Work required –
Only the lines from the start of the data through the line with "会場に入って右側の壁には様々" belong in the copy. Restate them word for word, minus the pictures.
[Exercise data — start]
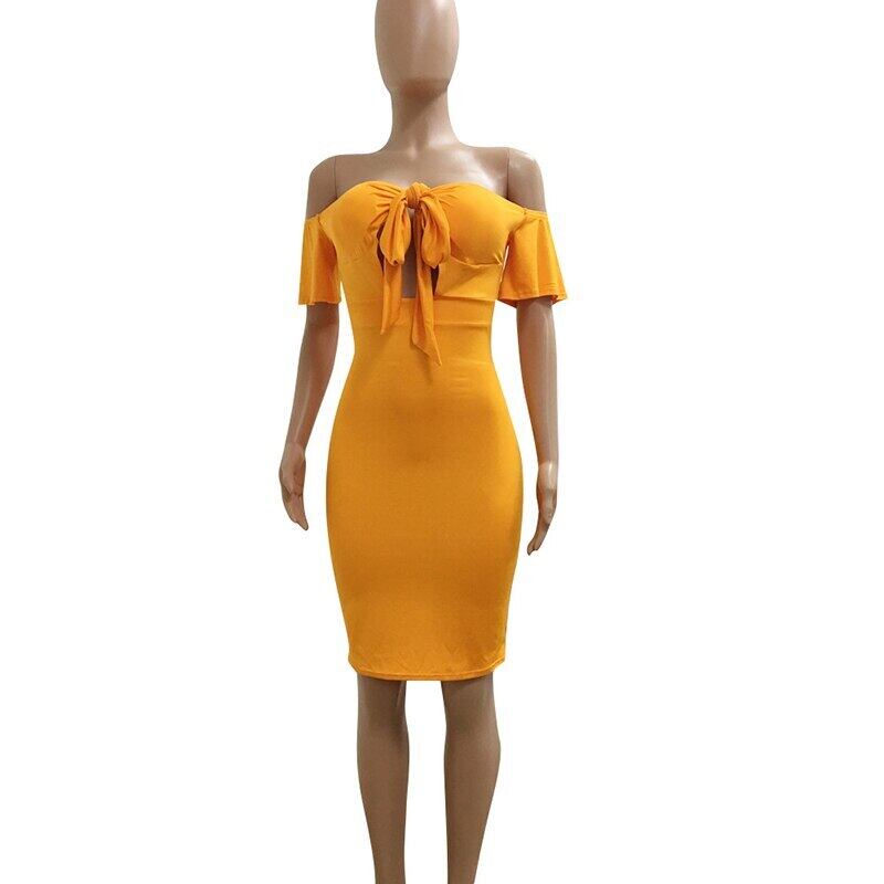 ベラ哲学 2019 夏セクシーなクラブの女性ドレス弓スラッシュネック女性 vestidos 膝丈 OL オフィスレディースドレス リボン サマー 夏物 会社 学校 通勤や通学にも bel62745338184 | aliel
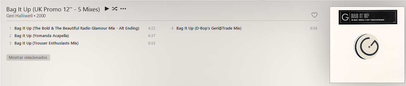 Buenos días Spice Family, el día de hoy les traigo un pomo un tanto raro (supongo yo) del single Bag It Up de Geri, este siendo single de su primer disco como solista es una de mis canciones favoritas por que es divertida, esta canción para mi es la esencia de Geri hecha canción y letra. Este promo proviene de un vinyl el cual contiene 5 remixes de esta canción los 5 tan buenos como el single original.
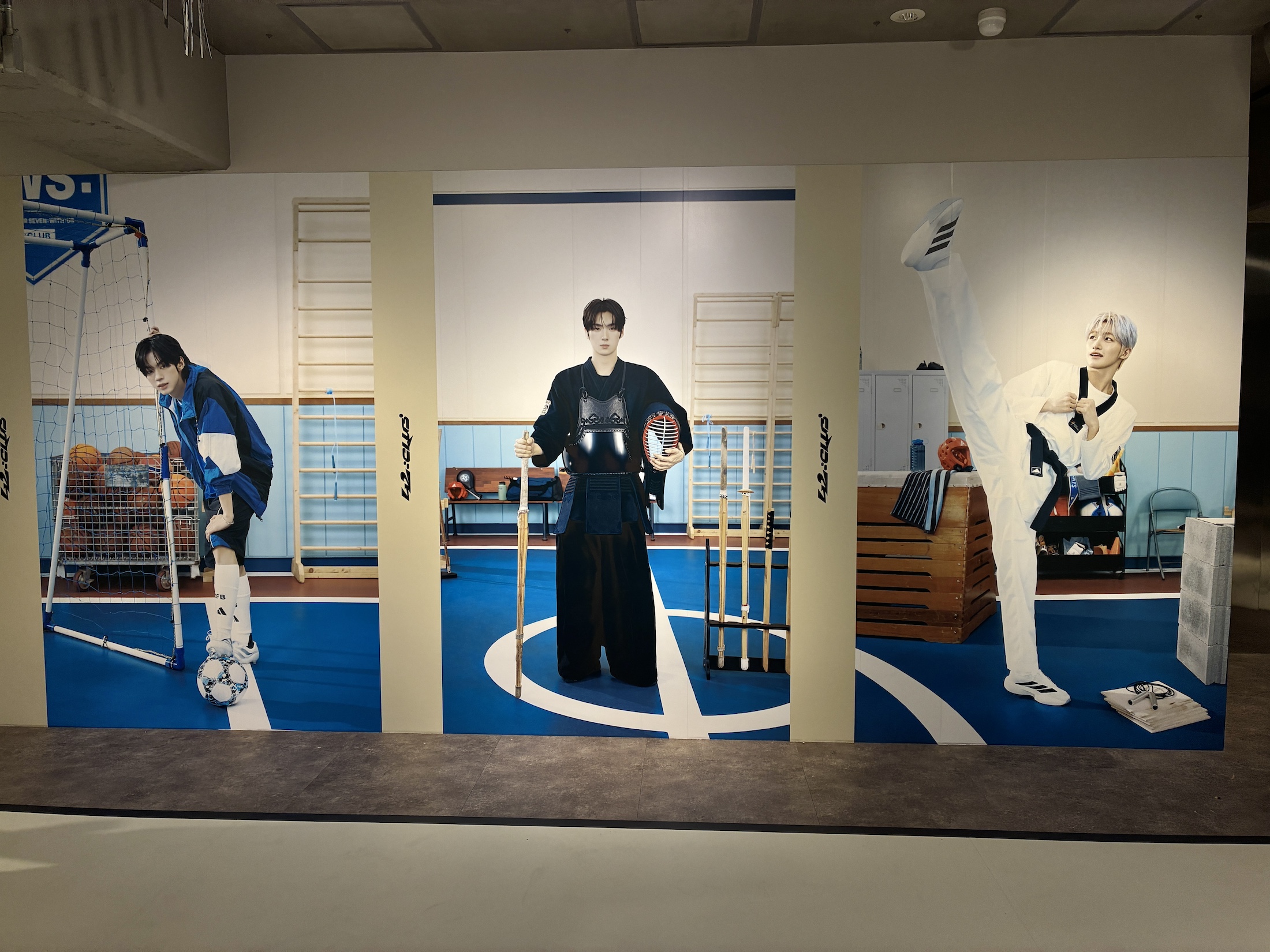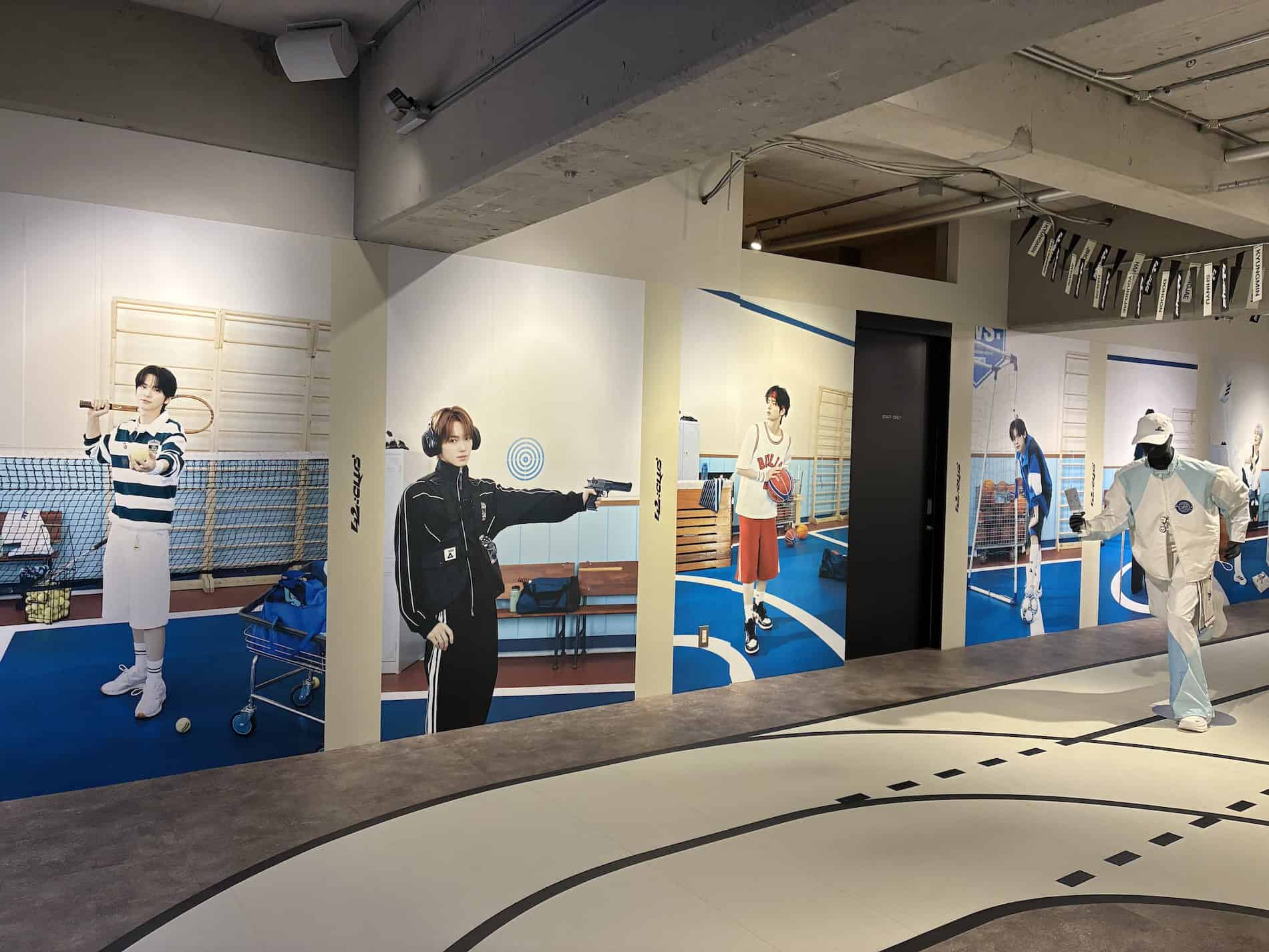 会場に入って右側の壁には様々な種目にチャレンジするメンバーの写真が掲示。SHINYUはテニス、DOHOONはサッカー、YOUNGJAEは剣道、HANJINは射撃、JIHOONはテコンドー、KYUNGMINはバスケットボールのユニフォームを着ています。
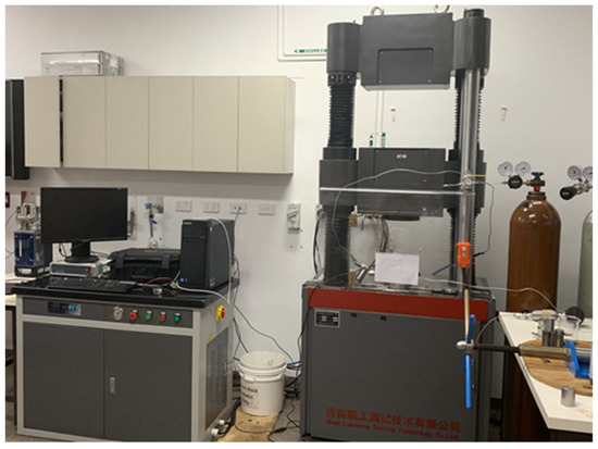 As per the research conducted by Lim et al. [35], it is advantageous to have shorter crack lengths in the semi-circular bend (SCB) specimen for fracture testing. This is attributed to the fact that a shorter crack length helps achieve a lower sensitivity of the stress intensity factor to variations in specimen geometry [32]. Consequently, for the SCB tests, an a/R value of 0.29 and an S/R value of 0.66 were selected. The WAW-1500B servo-controlled rock mechanics test system, depicted in Figure 4, was utilized to perform the SCB tests.
[Exercise data — finish]
Response –
 ベラ哲学 2019 夏セクシーなクラブの女性ドレス弓スラッシュネック女性 vestidos 膝丈 OL オフィスレディースドレス リボン サマー 夏物 会社 学校 通勤や通学にも bel62745338184 | aliel
 Buenos días Spice Family, el día de hoy les traigo un pomo un tanto raro (supongo yo) del single Bag It Up de Geri, este siendo single de su primer disco como solista es una de mis canciones favoritas por que es divertida, esta canción para mi es la esencia de Geri hecha canción y letra. Este promo proviene de un vinyl el cual contiene 5 remixes de esta canción los 5 tan buenos como el single original.
 会場に入って右側の壁には様々な種目にチャレンジするメンバーの写真が掲示。SHINYUはテニス、DOHOONはサッカー、YOUNGJAEは剣道、HANJINは射撃、JIHOONはテコンドー、KYUNGMINはバスケットボールのユニフォームを着ています。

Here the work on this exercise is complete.